WHAT TO PRODUCE: Taking the line with "Un capo essenziale" as the first and the line with "Cat pattern print" as the last, set down the lines below exactly, pictures excluded.

ENTRIES SUPPLIED:
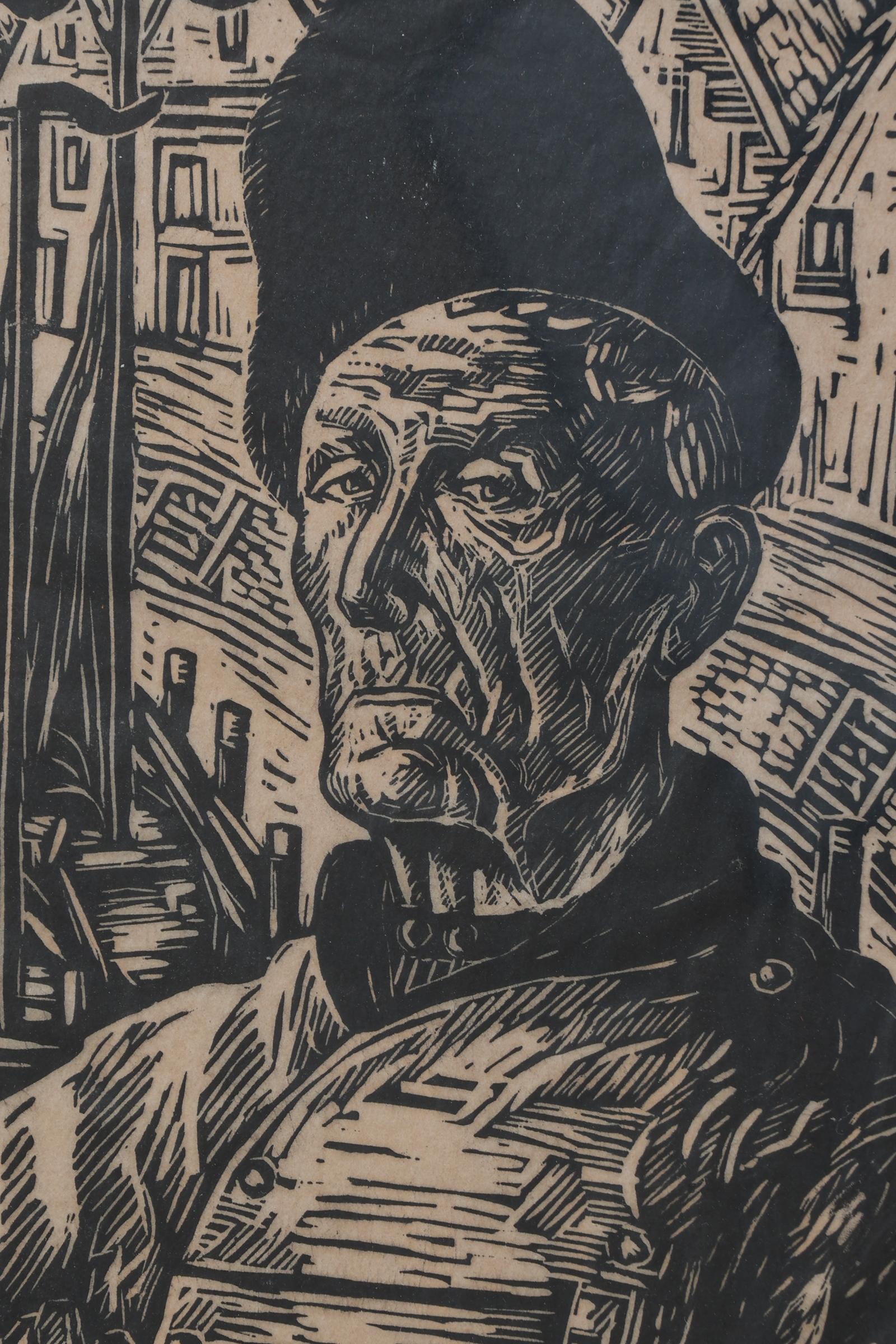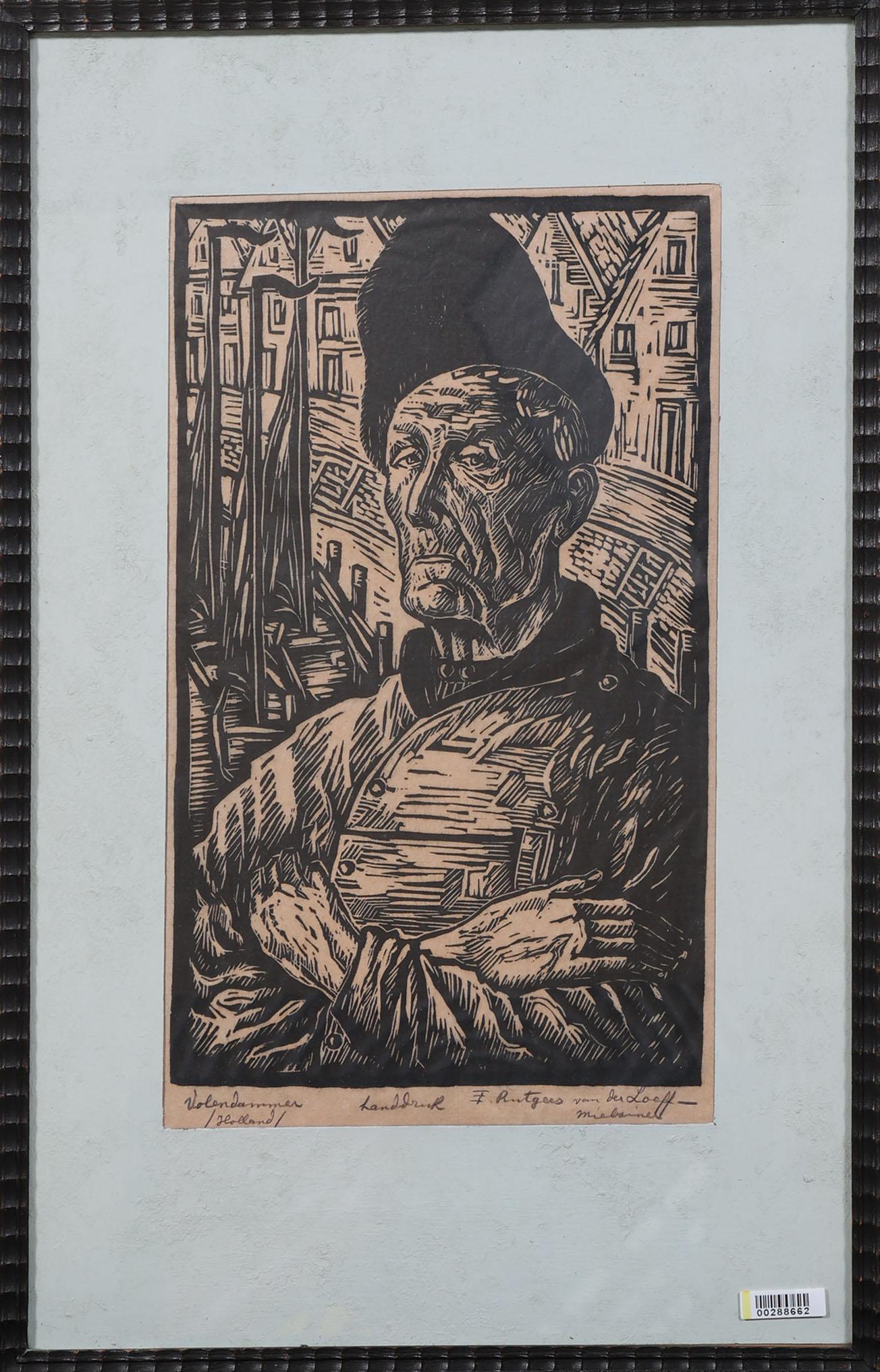 Frieda Rutgers van der Loeff-Mielziner (1877-1948), Portret van een Volendammer, handgesigneerde houtsnede, 35 x 22 cm.
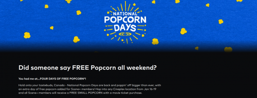 If you are planning to see a movie from January the 16th to the 19th, the National Popcorn Days offer is also back this year. An extra day has been added for 2026, and Scene+ members have four days to enjoy a free small popcorn with the purchase of a movie ticket this weekend.
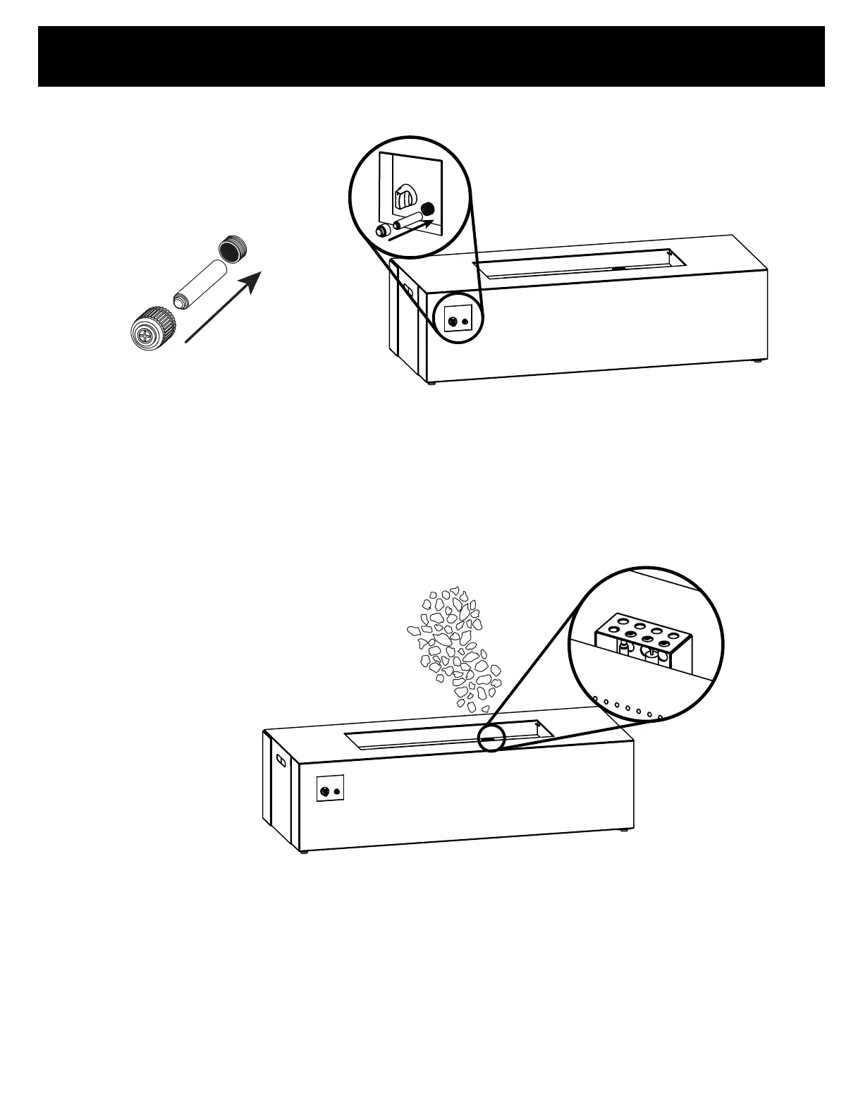 • Do not overfill the burner area with rock or glass filler; use only the specified amount. The
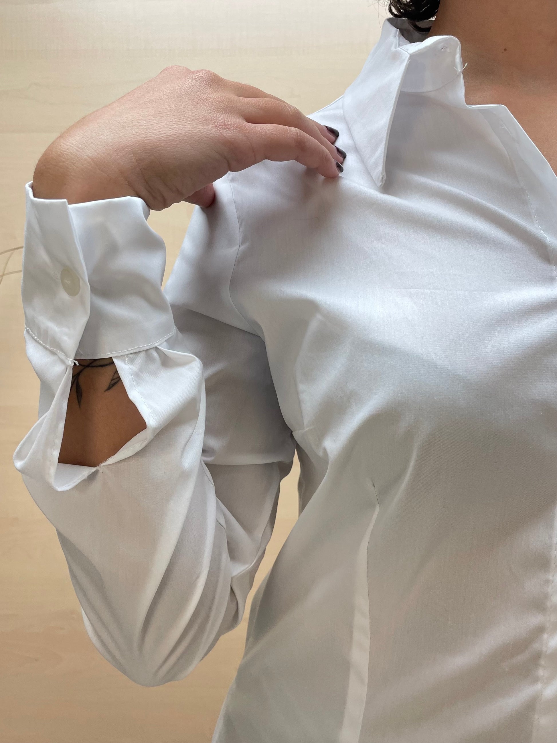 Un capo essenziale da avere nell’armadio: la camicia bianca classica con un taglio leggermente più stretto in vita valorizza la silhouette senza rinunciare al comfort.
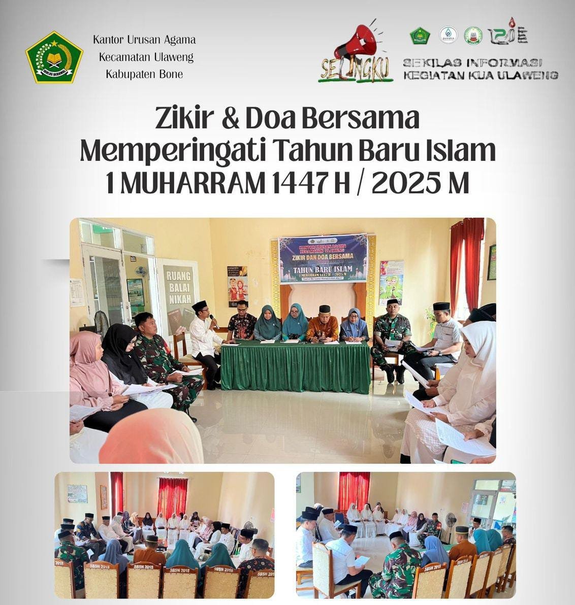 BONE — Suasana khidmat dan penuh kekhusyukan mewarnai pelaksanaan dzikir dan doa bersama dalam rangka menyambut Tahun Baru Islam 1 Muharram 1447 Hijriah yang digelar oleh Kantor Urusan Agama (KUA) Kecamatan Ulaweng, Kamis (26/6).
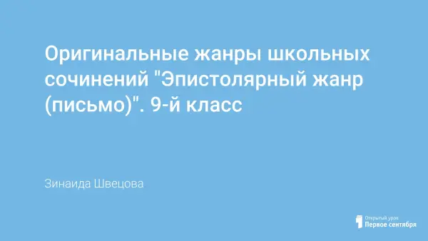 Сочинение – универсальная творческая форма работы ученика, которая позволяет продемонстрировать его читательскую квалификацию, речевую компетентность, аналитические способности и эрудицию. Одним из оригинальных жанров школьных сочинений является письмо. Урок объясняет суть письма, характеризует виды писем, представляет анкету и прочие особенности эпистолярного жанра.
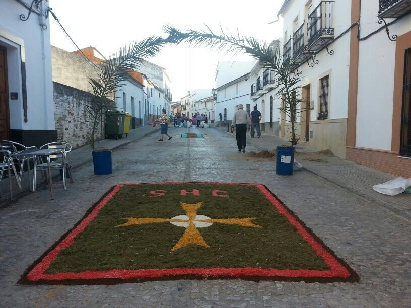 Se celebra, sin fecha fija, un domingo de Junio con la elaboración previa, por parte de los vecinos del municipio, de alfombras florales destinadas a ornamento decorativo de las calles de Almadén.Se celebra por la mañana la Misa y a continuación, la procesión del Santísimo, acompañado por los niños que han realizado su Primera Comunión ese año.La procesión del Santo Cáliz va portado por El Párroco y los vecinos de la localidad.
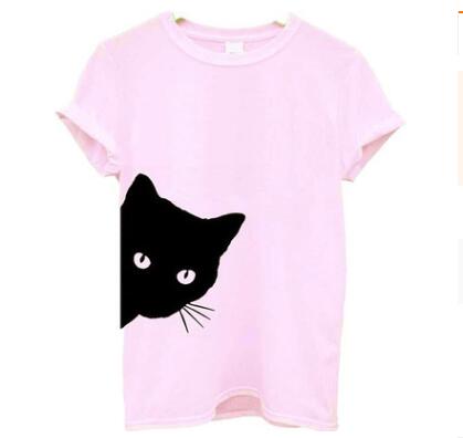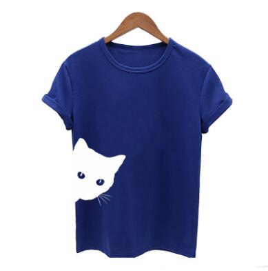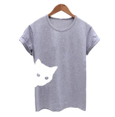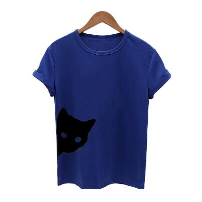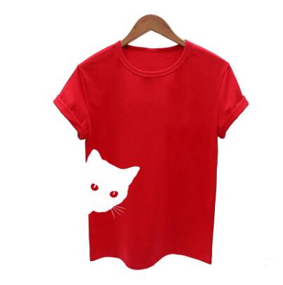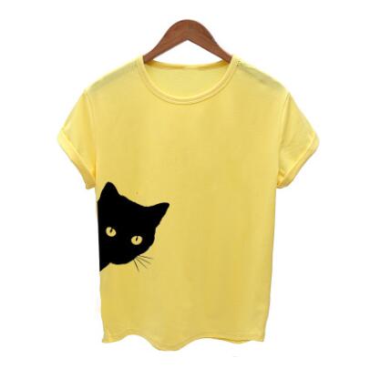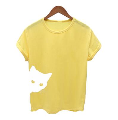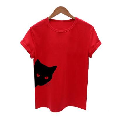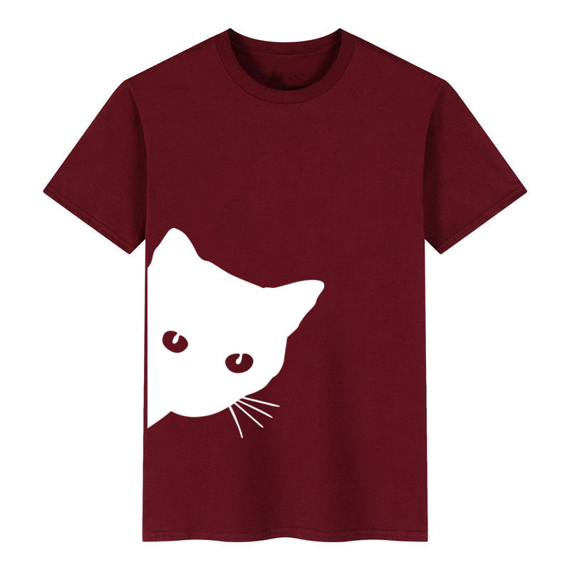 Cat pattern print round neck slim short-sleeved T-shirt
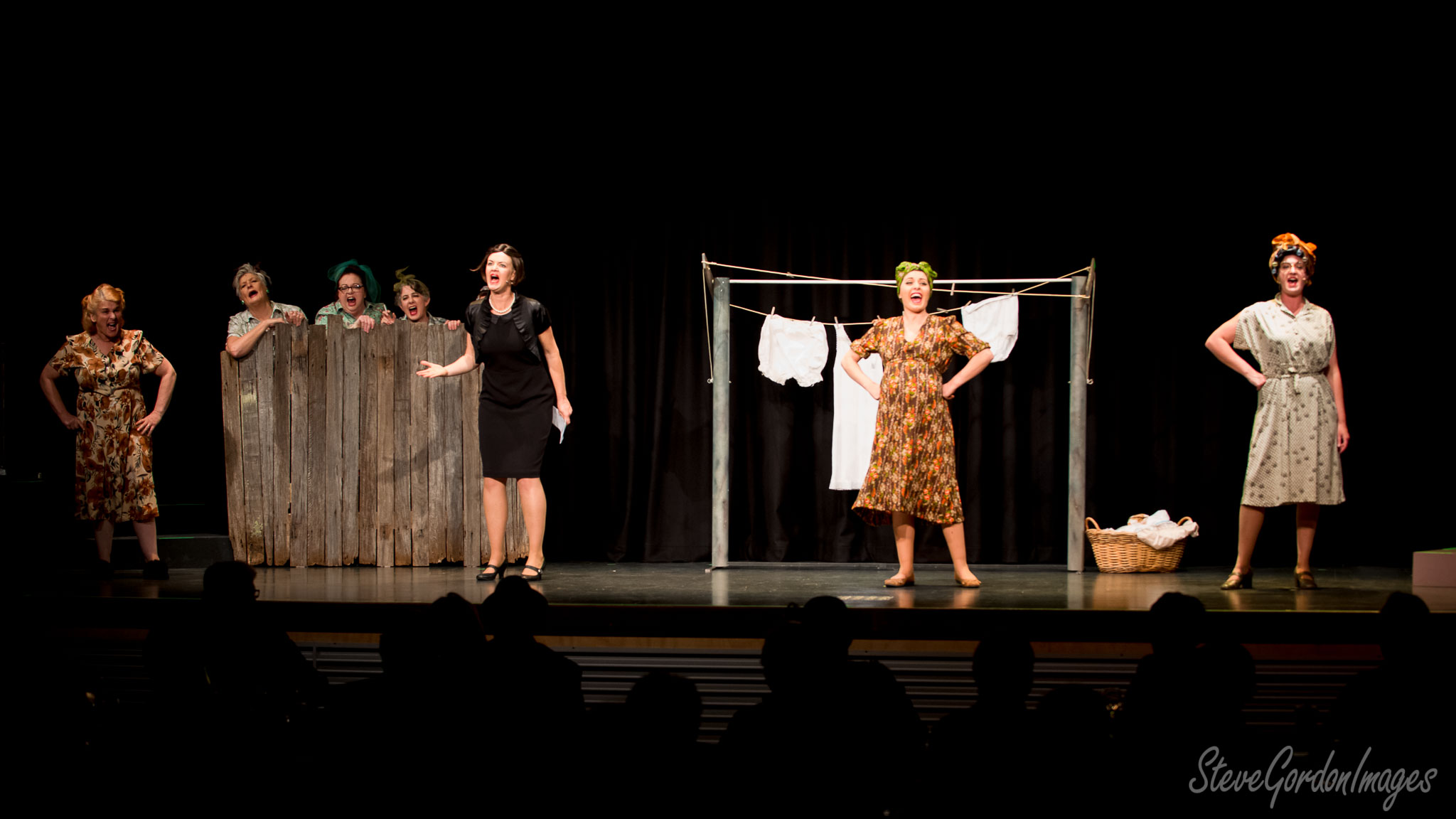 GalleriesArtsTheatre15 Ladies In BlackPerformancesStage Play, Women, Costumes, Expressions, Drama A play unfolds: Women in vintage dresses act on stage, a fence, clothesline, and audience present. Stage Play, Women, Costumes, Expressions, Drama

REPLY TO THE EXERCISE:
 Un capo essenziale da avere nell’armadio: la camicia bianca classica con un taglio leggermente più stretto in vita valorizza la silhouette senza rinunciare al comfort.
 BONE — Suasana khidmat dan penuh kekhusyukan mewarnai pelaksanaan dzikir dan doa bersama dalam rangka menyambut Tahun Baru Islam 1 Muharram 1447 Hijriah yang digelar oleh Kantor Urusan Agama (KUA) Kecamatan Ulaweng, Kamis (26/6).
 Сочинение – универсальная творческая форма работы ученика, которая позволяет продемонстрировать его читательскую квалификацию, речевую компетентность, аналитические способности и эрудицию. Одним из оригинальных жанров школьных сочинений является письмо. Урок объясняет суть письма, характеризует виды писем, представляет анкету и прочие особенности эпистолярного жанра.
 Se celebra, sin fecha fija, un domingo de Junio con la elaboración previa, por parte de los vecinos del municipio, de alfombras florales destinadas a ornamento decorativo de las calles de Almadén.Se celebra por la mañana la Misa y a continuación, la procesión del Santísimo, acompañado por los niños que han realizado su Primera Comunión ese año.La procesión del Santo Cáliz va portado por El Párroco y los vecinos de la localidad.
 Cat pattern print round neck slim short-sleeved T-shirt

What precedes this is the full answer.